Although fatigue is an important part of the burden of endometriosis, it is not often included as an endpoint in clinical trials. Several options are available to assess patient-reported fatigue, including the Fatigue Severity Scale [12], Fatigue Impact Scale [13], or Brief Fatigue Inventory [14], but these have not been developed specifically for or been assessed for use among women with endometriosis. The Patient-Reported Outcome Measurement Information System (PROMIS), includes fatigue-related item banks and several fatigue short forms that have been developed and assessed for performance in chronic conditions [15].

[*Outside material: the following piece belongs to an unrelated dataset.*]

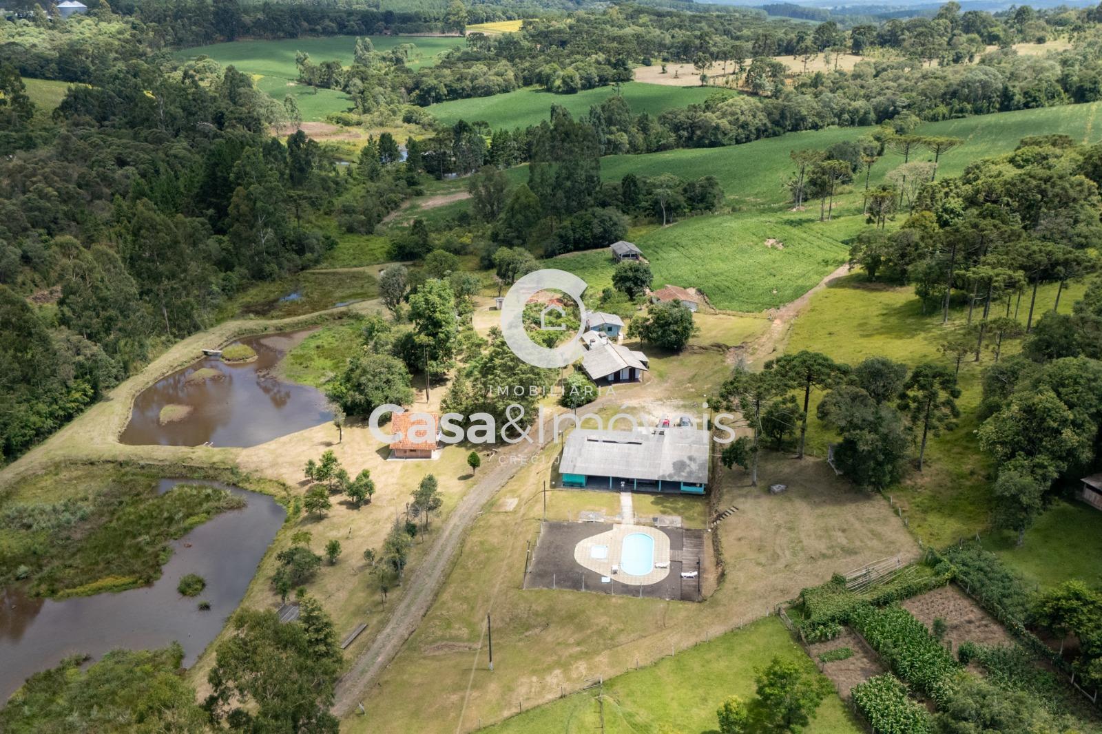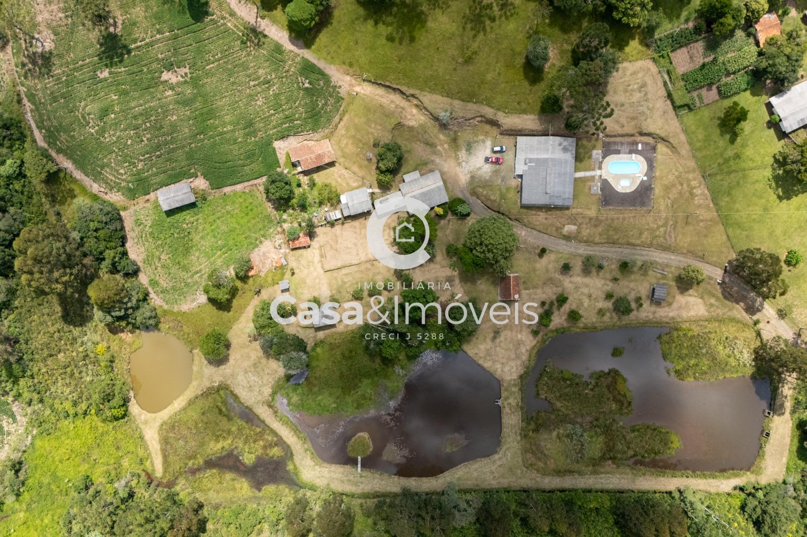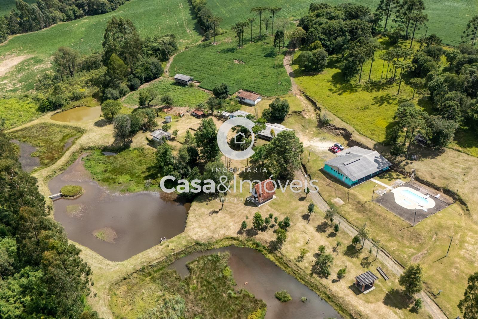 Contendo: - 1 alqueire para plantio - Área de lavoura - Casa principal com 03 dormitórios, sala, cozinha, banheiro e churrasqueira - Chalé com 02 dormitórios, sala, cozinha e banheiro - Casa de caseiro com 02 dormitórios, sala, cozinha e banheiro - Salão de festas com cozinha, 02 banheiros e depósito - 3 tanques - Piscina - Aprisco para ovinos - Luz instalada - Água nascente - Câmera instalada e alarme

A recent qualitative study in women with moderate-to-severe endometriosis-associated pain supported the concept of fatigue as important in this population [16]. In addition, PROMIS Fatigue SF-6a was used as a secondary endpoint to measure patient-reported fatigue in EM-I, a phase III randomized, placebo-controlled clinical trial that assessed the safety and efficacy of elagolix in 871 women with moderate-to-severe endometriosis-related pain [17]. At baseline, 54%–74% of the patients reported frequently having fatigue-related issues. The study also showed that at 6 months, PROMIS Fatigue SF-6a T-scores decreased significantly more in women treated with either dose of elagolix than in women who received placebo, and decreased more in women reporting clinically meaningful reductions in dysmenorrhea, NMPP, and dyspareunia than in women who did not [18].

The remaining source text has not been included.